KENDARINEWS.COM – Banyak orang masih menganggap remeh pentingnya sarapan pagi. Padahal, melewatkan waktu makan di pagi hari dapat menimbulkan berbagai risiko serius bagi kesehatan, termasuk meningkatkan kemungkinan terkena penyakit jantung, diabetes tipe 2, hingga gangguan suasana hati.
Studi terbaru menunjukkan bahwa individu yang secara rutin sarapan sebelum pukul 8 pagi memiliki risiko lebih rendah terkena diabetes tipe 2. Melewatkan sarapan terbukti dapat memicu lonjakan kadar gula darah dan mengganggu metabolisme tubuh secara keseluruhan.
Tak hanya itu, kebiasaan tidak sarapan juga dikaitkan dengan peningkatan risiko penyakit kardiovaskular.

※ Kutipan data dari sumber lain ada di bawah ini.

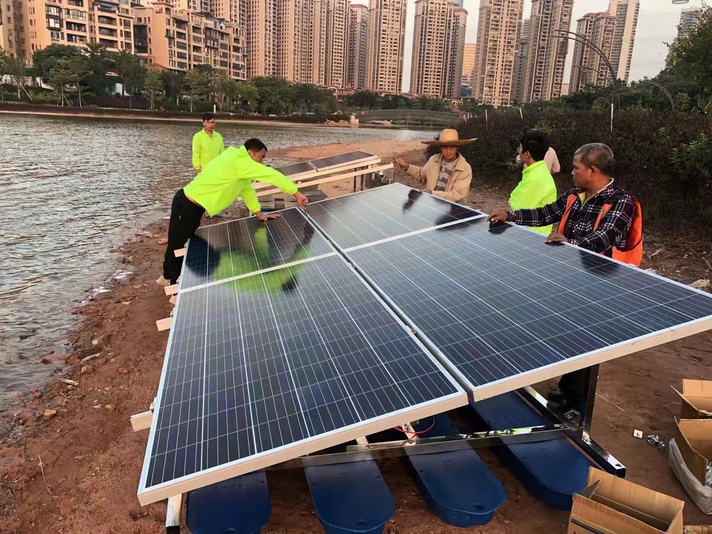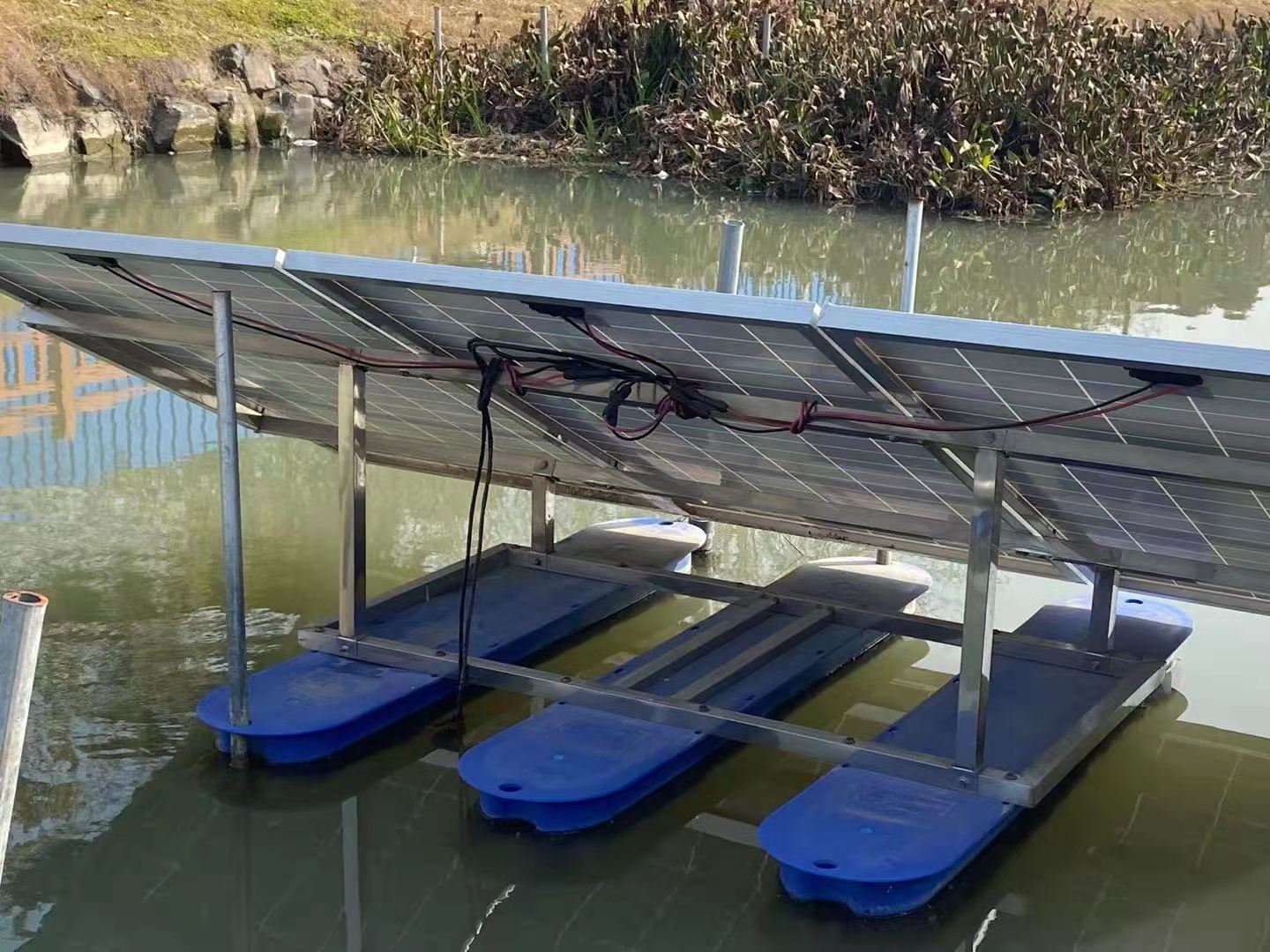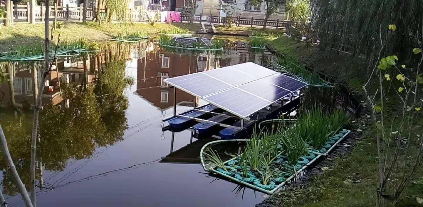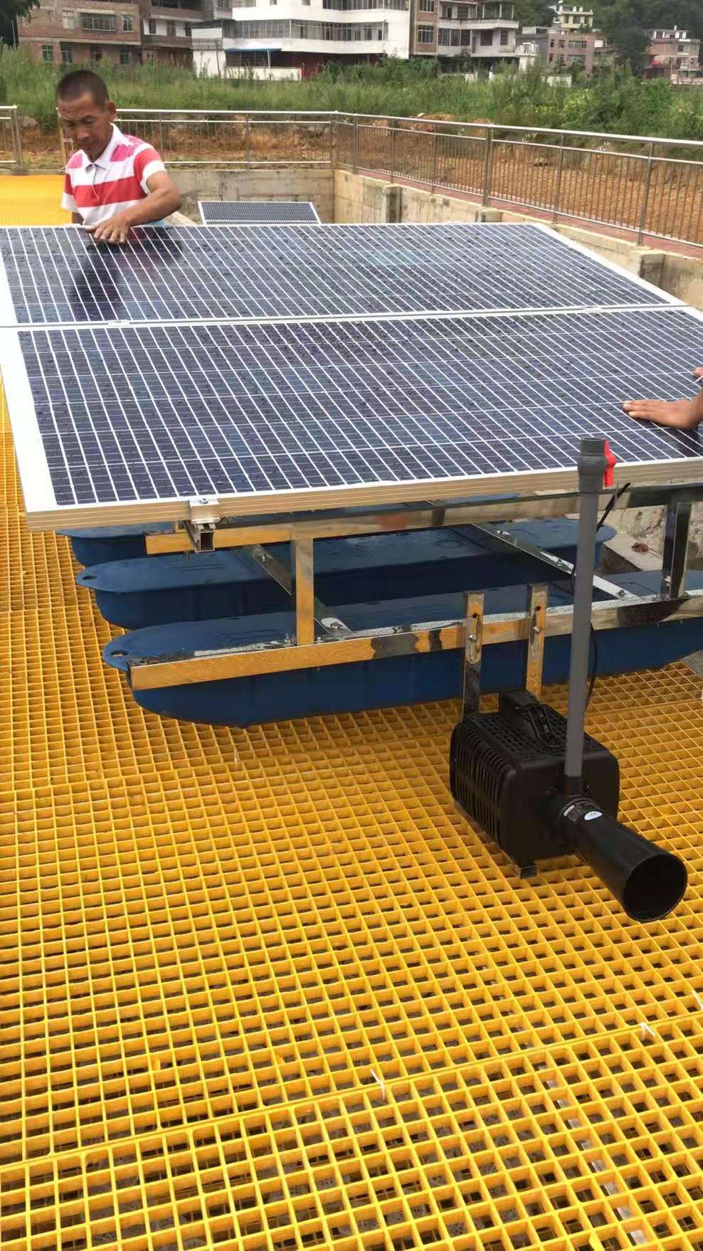 太陽能曝氣機,以太陽能作為設備運轉的直接動力,設置獨特的旋切提拉曝氣葉輪,通過葉輪旋轉提升作用,將底部缺氧水轉移到水體表面與表層富氧水混合;表層富含水通過離心旋轉橫向水平擴散、縱向進入底層缺氧區(qū)。 由此實現水體解層、增氧和縱橫向循環(huán)交換三重功效,最大限度地將表層超飽和溶解氧水轉移到水體底層,增加底層水體溶解氧,消除自然分層,提高水體自凈能力。

Meta-analisis beberapa penelitian menunjukkan bahwa melewatkan sarapan berkorelasi dengan meningkatnya risiko serangan jantung akibat efek metabolik, seperti makan berlebihan dan gula darah tidak stabil.
Dampak Lain dari Tidak Sarapan Pagi
- Berat Badan Berlebih – Tidak sarapan bisa mendorong pola makan tidak teratur, memicu rasa lapar berlebihan di siang hari, dan meningkatkan risiko obesitas.
- Tubuh Mudah Lemas – Khususnya pada anak-anak, melewatkan sarapan dapat menyebabkan penurunan energi, berkurangnya fokus belajar, dan gangguan daya ingat.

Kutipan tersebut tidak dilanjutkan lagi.